The meeting with the island council leaders goes well – they are as supportive as last time, and have identified a team of people who’d like to work with us.


A first visit to the site allows us to scope and identify the best location to place the trench – which as any archaeologist knows is always quite a nerve-racking guessing game.


We last visited Kinolhas in 2017. And everyone says hi, Annalisa and David!




male’, 12 June

A day of catching up in the capital of Maldives. Lunch with Dr Shazla, Dean at Maldives National University, Mauroof Jameel, and Shiura. We talked about surveys of traditional house forms, cowries on banknotes, nitrogen pollution, mangas, yams and coral mining among other things.


In the Twittersphere, Shiura seems to be welcomed back with open arms. There’s definitely a lot to be done here in the Maldives. Here’s a chance to say a virtual hello to colleagues in Oxford and London whose research is underway on the archipelago. And plenty (again, on Twitter) by local stakeholders on a number of recent archaeological discoveries made during the development of new resorts. Some of these we hope to visit in coming weeks.

There’s a new section in the National Museum which highlights recent traditional crafts – primarily basketry and woodworking, but there is also a section on pottery storage jars by which we were quite enthralled.
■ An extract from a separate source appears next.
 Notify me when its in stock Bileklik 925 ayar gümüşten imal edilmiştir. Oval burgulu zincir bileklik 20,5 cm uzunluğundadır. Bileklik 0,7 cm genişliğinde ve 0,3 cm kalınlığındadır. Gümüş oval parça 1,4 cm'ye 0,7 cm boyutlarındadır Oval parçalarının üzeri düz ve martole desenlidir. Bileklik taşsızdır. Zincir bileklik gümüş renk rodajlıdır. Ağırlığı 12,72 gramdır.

All pots had to be imported to this clay-less archipelago so I am assuming they were brought both for their own sake and as containers for something else…? Something to figure out through the material from Kinolhas.



male’, 11 june 2019

Happy to be in Maldives once again! This is my fourth visit to Male’ and the place certainly does not stand still. You can now drive from the airport to the city, for a start, thanks to a new bridge. The PM of India was here last week. And it’s a busy time for culture too, with renewed calls to preserve Maldivian heritage both tangible and intangible.
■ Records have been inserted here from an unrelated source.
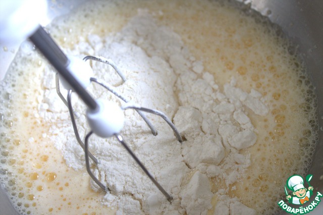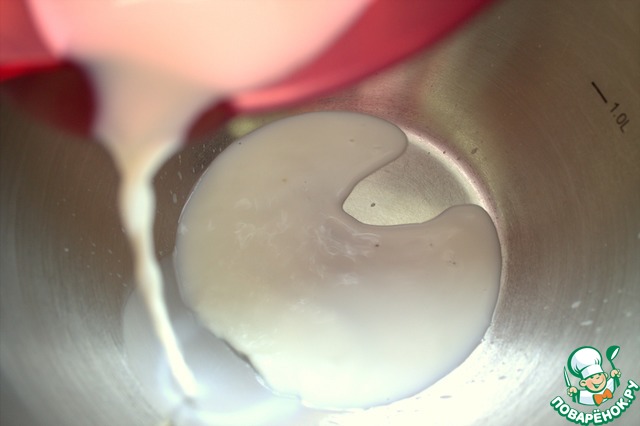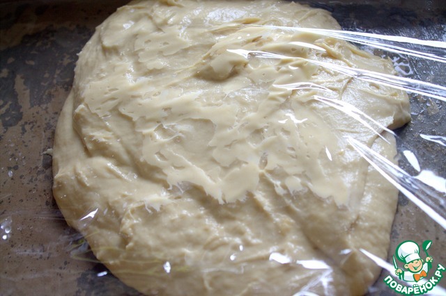 Убираем в холодильник на 1,5 часа, потом снимаем плёнку. Тесто должно увеличиться.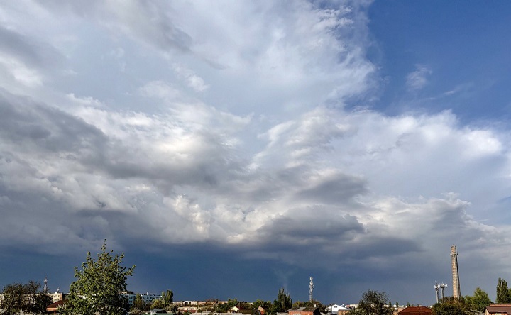 По прогнозу синоптиков, к массиву фронтальной облачности, который по-прежнему клубится над Таганрогом, присоединится арктический фронт. Набегающие тучи будут перекрывать приток солнечного тепла и могут пролиться дождём. Столбики термометров поползут вниз, а ветер усилится до 14 м/сек.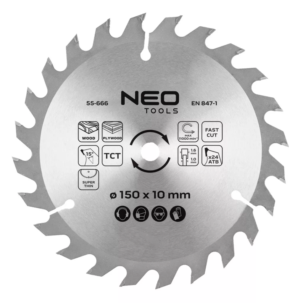 Neo körfűrészlap keményfém fogakkal, 150x10mm, 1.6mm, Z24, 58G008-hoz, ENERGY+

Before leaving Norwich I made the obligatory stop to buy fieldwork supplies, and this time I travel not with potsherds but with several kilos of cowries (which caused me to be stopped by Customs). These are part of the hoard recovered by locals in Utheemu as they built a football field which we later studied (the cowries of course, not the football field). I’m also travelling with some of the pottery, metal and clay finds from Kinolhas. These are all returning to the Maldives after being on temporary loan to us in the UK.




About this blog

This blog has been set up to chart the activities and research findings of two projects led by Anne Haour, an archaeologist from the Sainsbury Research Unit at the University of East Anglia, United Kingdom.
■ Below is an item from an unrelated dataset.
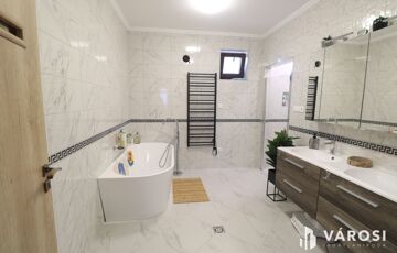 Egy igazán minőségi otthon ahol kényelmesen elfér több tagú család is, Modern dizájn minőségi anyaghasználat mint szaniterek mint burkolatok,ill. beépített gépek eszközök tekintetében.

The first project, called Crossroads, brings together a team of archaeologists, historians and anthropologists studying the Niger Valley where it borders Niger and Bénin (West Africa). We are hoping to shed more light on the people that inhabited the area in the past 1500 years and to understand how population movements and craft techniques shaped the area's past.

The second project, called Cowries, examines the money cowrie, a shell which served as currency, ritual object and ornament across the world for millennia, and in medieval times most especially in the Maldive Islands of the Indian Ocean and the Sahelian regions of West Africa. We hope to understand how this shell was sourced and used in those two areas.

These investigations are funded by the European Research Council as part of the Starting Independent Researcher Programme (Seventh Framework Programme – FP7) and by the Leverhulme Trust as a Research Project Grant. The opinions posted here are however Anne Haour's own!